Running a supervisord daemon as non-root

There are often cases where we cannot setup a service as the root user. In those cases, it can be handy to set up supervisord for your user.The first thing we’ll need is a supervisord.conf file. I found the following setup to work well for me:

[unix_http_server]
file=%(here)s/supervisor.sock

[supervisord]
logfile=%(here)s/logs/supervisord.log
logfile_maxbytes=10MB
logfile_backups=5
pidfile=%(here)s/supervisord.pid

[rpcinterface:supervisor]
supervisor.rpcinterface_factory = supervisor.rpcinterface:make_main_rpcinterface

[supervisorctl]
serverurl = unix://%(here)s/supervisor.sock

[include]
files=%(ENV_HOME)/applications/*/private_html/supervisord.conf

Have a look at the docs for everything that’s available.

I recommend creating the following directories to store everything supervisord related:

mkdir -p ${HOME}/supervisord/logs

Put the supervisord.conf file in the directory created, i.e, ${HOME}/supervisord/supervisord.conf.

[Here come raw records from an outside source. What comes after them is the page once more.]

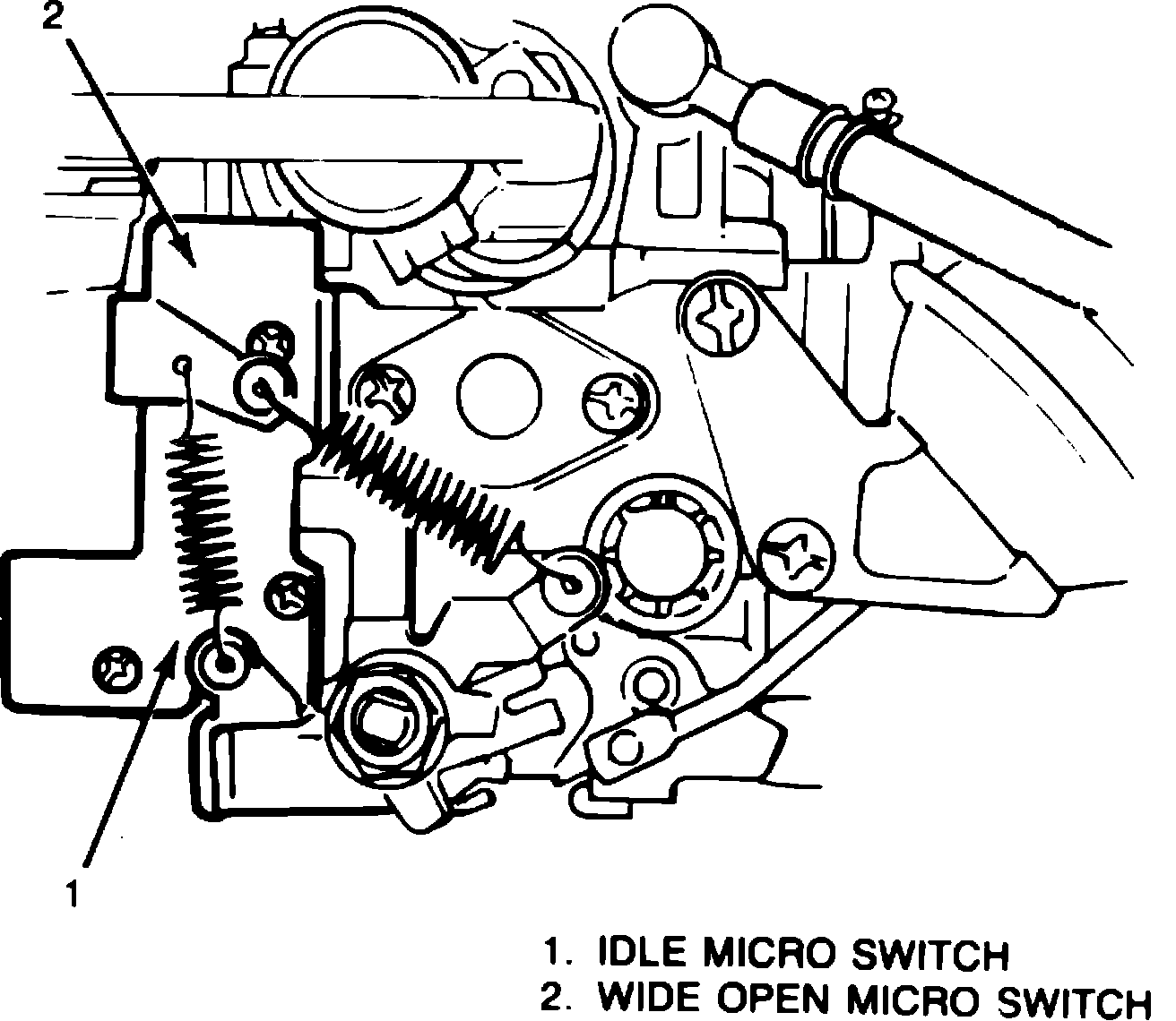 Throttle position is monitored by Wide Open Throttle (WOT) and idle micro switches mounted on the carburetor, Fig. 4.
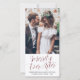 Skicka glatta helgdag önskemål som ny Mr. Och Mrs! Fira din första gifta jul och två av dina favoriter bröllop bilder med lodrät snyggt "Merrily All After"-helgdag. All text i den här mallen är enkel att anpassa för att inkludera alla formuleringar, som Merry and Married, Merrily Married, Glad helg, Säsonhälsningar, nyårscheckar osv. Ta bort text på baksidan om du föredrar att ge skrivan en anteckning för ett bröllop-tack och en kombination av julkort. (IMAGE PLACEMENT TIP: Ett enkelt sätt att centrera ett bild exakt på vilket sätt du vill är att skicka det till skörd innan du laddar upp det på Zazzles webbplats.) Den moderna minimalistiska svartvita och burgundsformade designen har mörk-handskriven stil-skripttypografi och 2 lodrät foton efter eget val. Familjen och vännerna kommer att visa elegantens anpassade kort i kärlek. Skål för nylingarna!
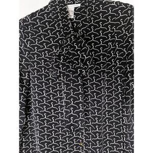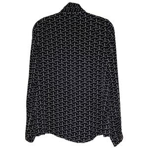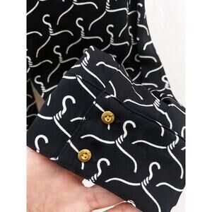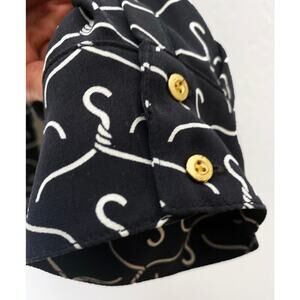 Diane Von Furstenberg Women's Bow Tie Collar Silk Blouse Hanger Print Black White Hard To Find Long Sleeve
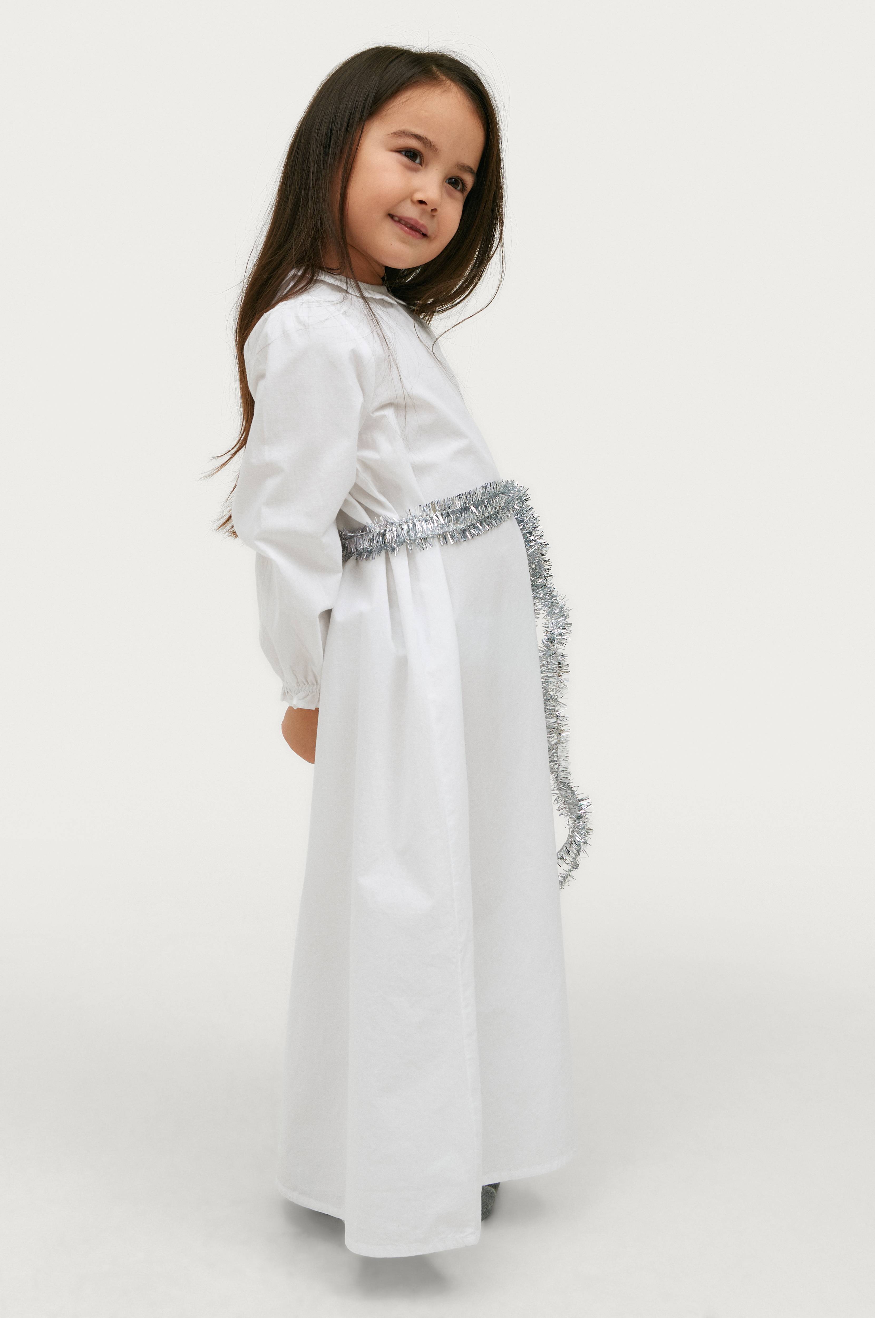 Luciadrakt med liten krage og splitt med knapp i nakken. Lange ermer med strikk og liten volang i ermekantene.
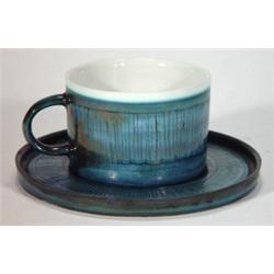 Blue glazed early Troika cup and saucer, marked Troika St Ives to base
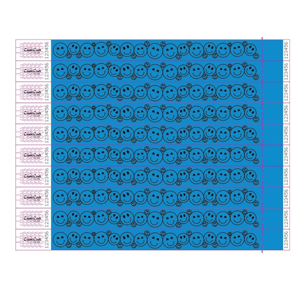 CombiCraft Tyrex Eintrittsband mit Smiley-Motiv in Neon Blau - 100 Stück
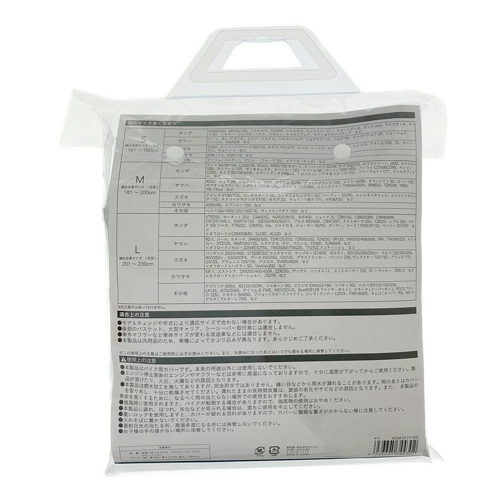 ●盗難防止ロック用リング付き。●バイクカバーM ●撥水加工 ●紫外線カット ●鳥糞害ガード
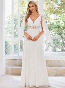 EVER-PRETTY Contrast Embroidery Mesh Cloak Sleeve Chiffon Wedding Dress
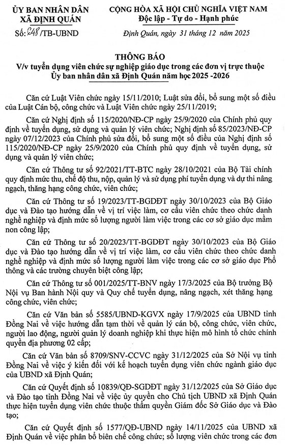 UBND xã Định Quán thông báo tuyển dụng viên chức sự nghiệp giáo dục trong các đơn vị trực thuộc Ủy ban nhân dân xã Định Quán năm 2025 như sau:
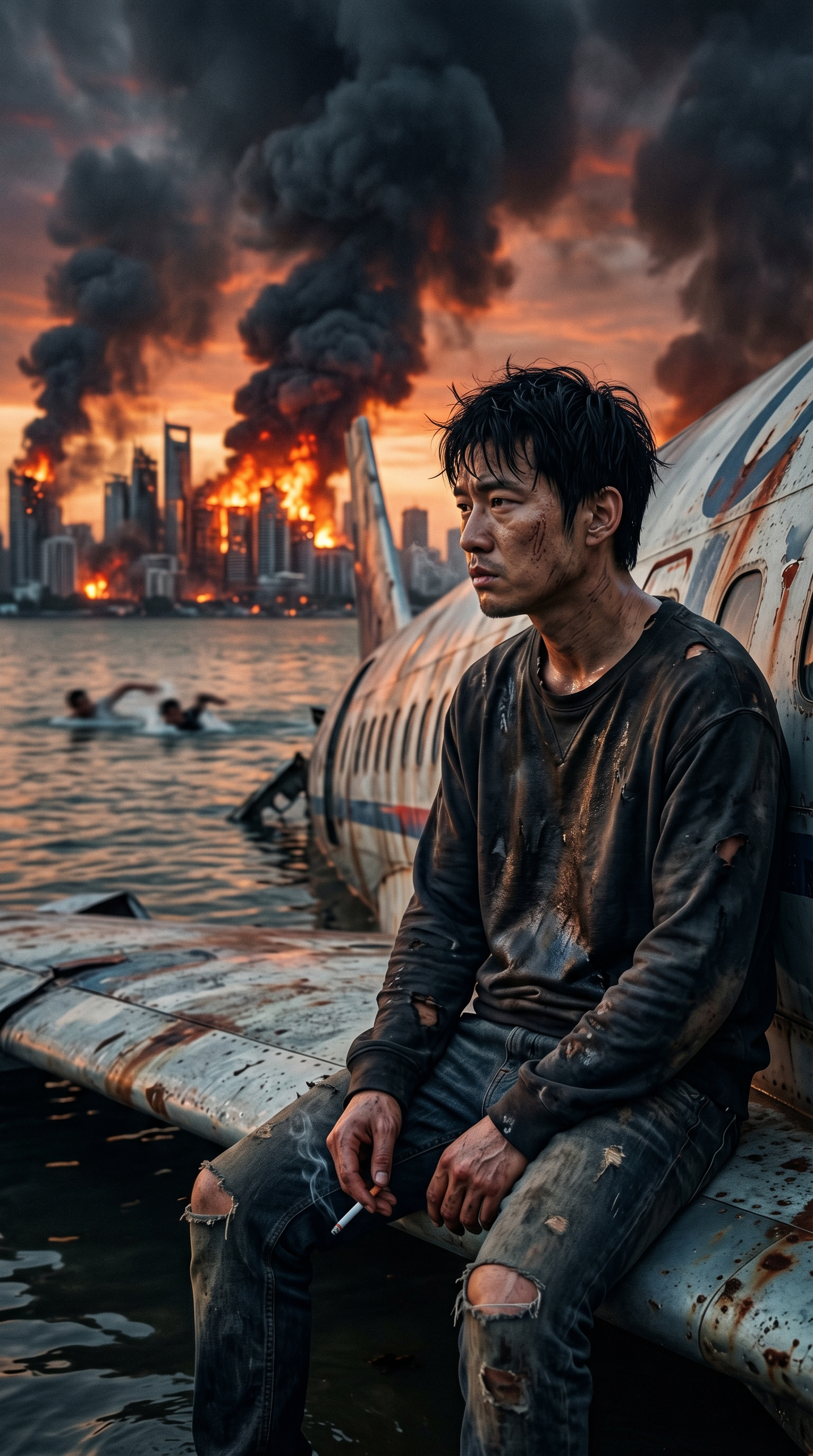 本提示词旨在创作一张极具电影感和叙事性的写实照片。画面核心是一名刚经历灾难的东亚男性,他满身泥泞,衣衫褴褛,正靠在一架半潜水中的坠毁飞机机翼上稍作喘息。他指间夹着香烟,凝视着远方被战火和浓烟吞没的末日城市。画面背景是壮丽而凄惨的夕阳,水中还有模糊的身影在挣扎求生。整个场景充满了绝望、孤独以及在灾难面前的冷静,细节丰富,质感逼真。
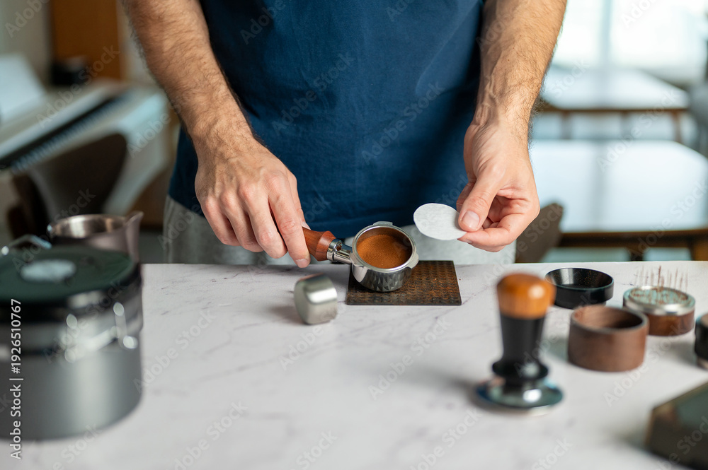 Man Preparing Espresso With Precision At Home Barista Setup #1926510767
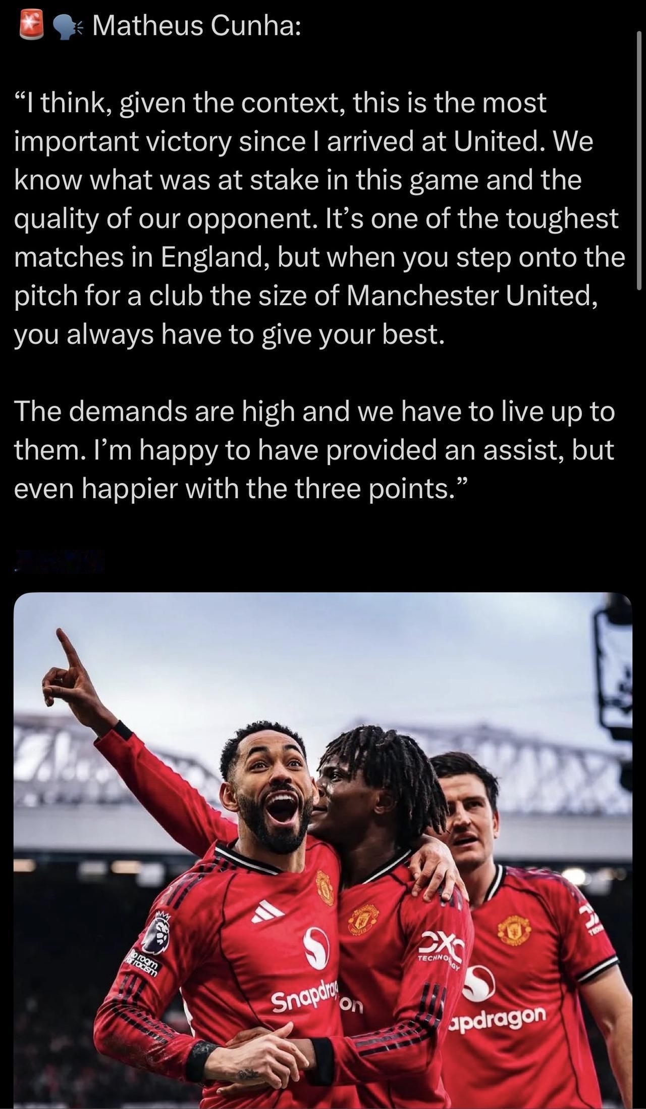 恢复自信很重要,但又要控制球员的多度自信,这就是弗格森后,曼联历任主帅想干,又干不好的工作! ……………………………………………………………… 马修斯·库尼亚: “我认为,就目前的情况来看,这是我来到曼联以来最重要的一场胜利。我们清楚这场比赛的意义以及对手的实力。这是英格兰最艰难的比赛之一,但当你代表曼联这样的大俱乐部踏上球场时,你必须始终全力以赴。” 要求很高,我们必须达到这些要求。我很高兴能贡献一次助攻,但更开心的是我们拿到了三分。
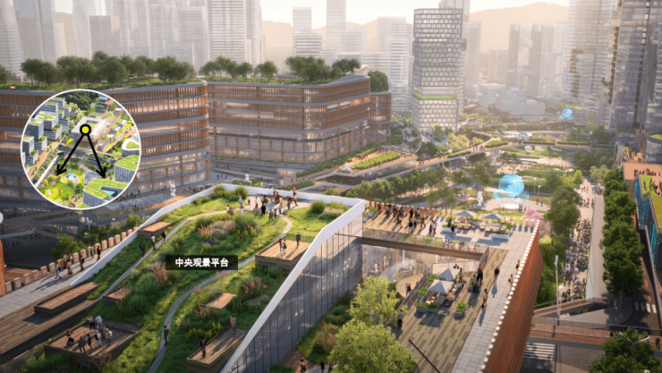 同时,围绕中央公共开放空间构建产业共享服务体系,打造黑科技走廊、展会设施、共享实验室、综合政务金融服务平台,促进跨行业交流,提升创新传播力与专业服务效率。
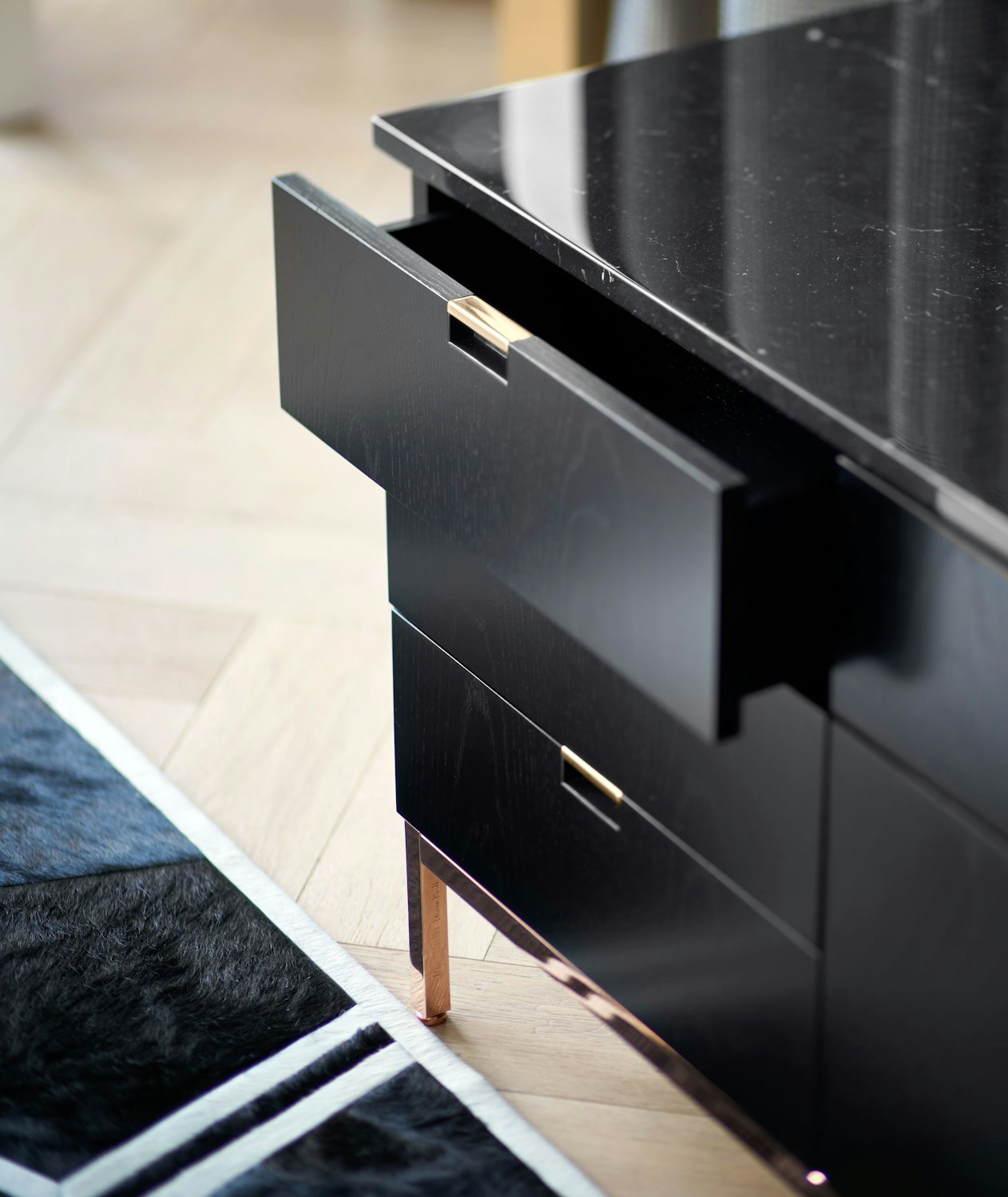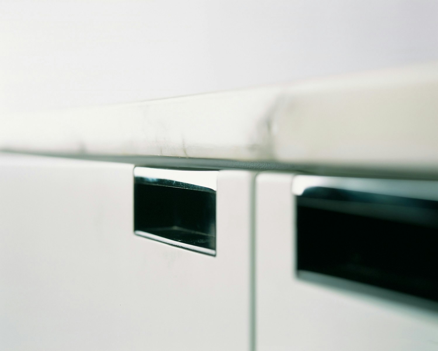 Drawer and door fronts in same wood veneers or lacquer finish as body. All have polished aluminum pulls, top flush mounted storage doors with magnetic closures. Drawer and storage have matching veneer inside. NOTE: Only 2544M and 2545M are available with white laquer finish.
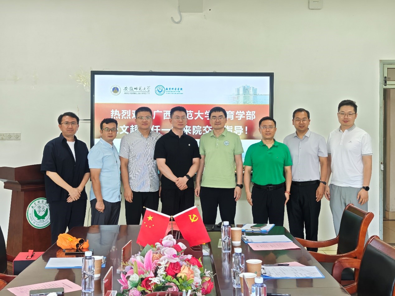 2025年6月16日下午,广西师范大学教育学部教育技术系主任张文超、副主任何剑及桂林清风实验公司陈迎春一行莅临公司进行调研交流。公司副经理韩建涛、教育技术学专业负责人肖文、现代教育技术(中美合作)学位点负责人白倩以及教育技术系的杨滨、徐刘杰、周进等教师共同出席了此次交流会议。
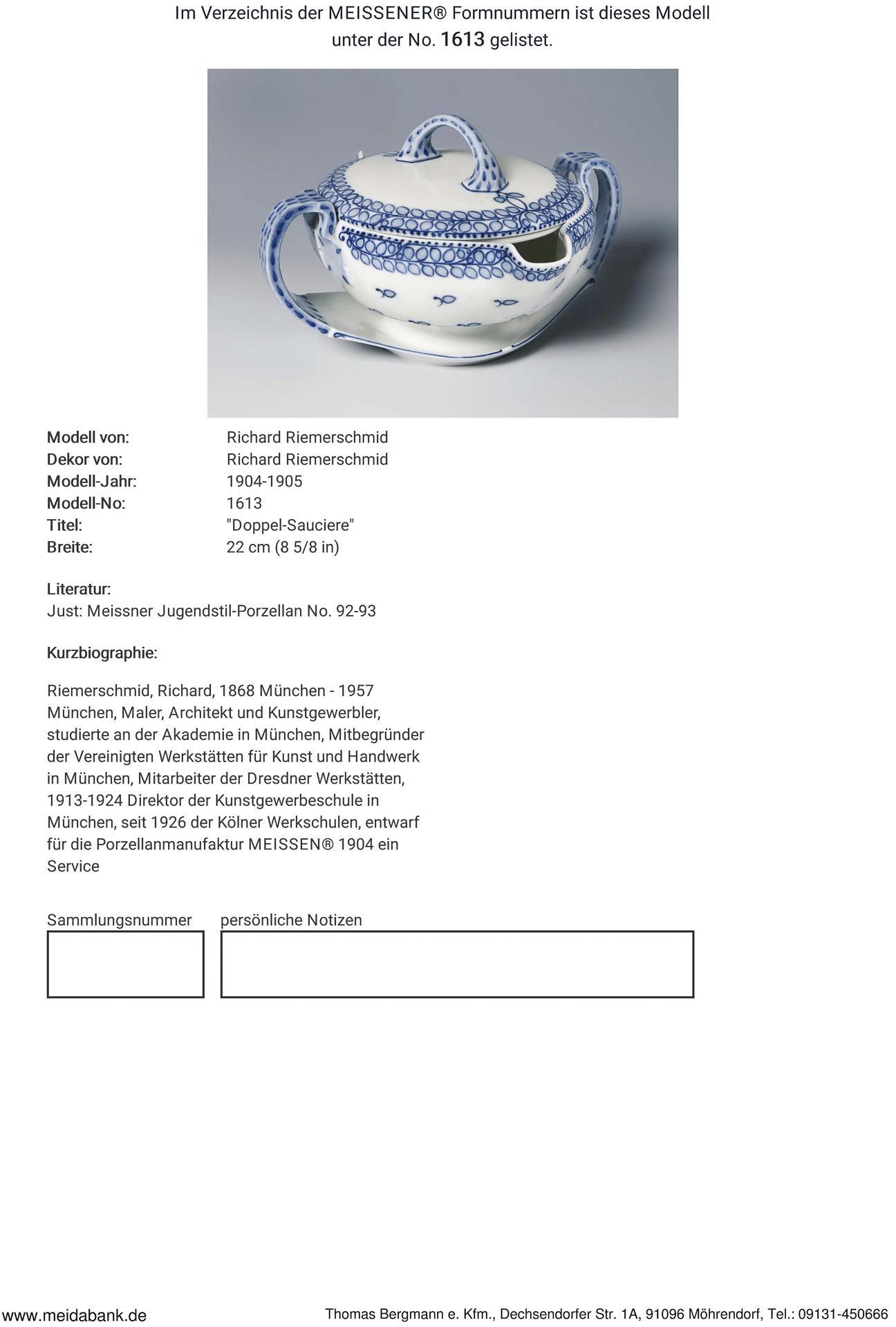 Riemerschmid, painter, architect and craftsman, studied at the academy in Munich. Co-founder of the Vereinigte Werkstätten für Kunst und Handwerk in Munich, employee of the Dresdner Werkstätten, 1913-1924 director of the Kunstgewerbeschule in Munich, since 1926 of the Kölner Werkschulen * Partner auction Bergmann.

You’re now ready to start the daemon with

/usr/bin/supervisord -c ${HOME}/supervisord/supervisord.conf

You can then view logs at ${HOME}/supervisord/logs/supervisord.log and view status of programs with supervisorctl:

/usr/bin/supervisorctl -c ${HOME}/supervisord/supervisord.conf

After adding a program in one of the sub-directories in applications, run the following to make supervisord see the changes:

/usr/bin/supervisorctl -c ${HOME}/supervisord/supervisord.conf update

To stop the daemon, use the following:

kill $(supervisorctl -c ${HOME}/supervisord/supervisord.conf pid)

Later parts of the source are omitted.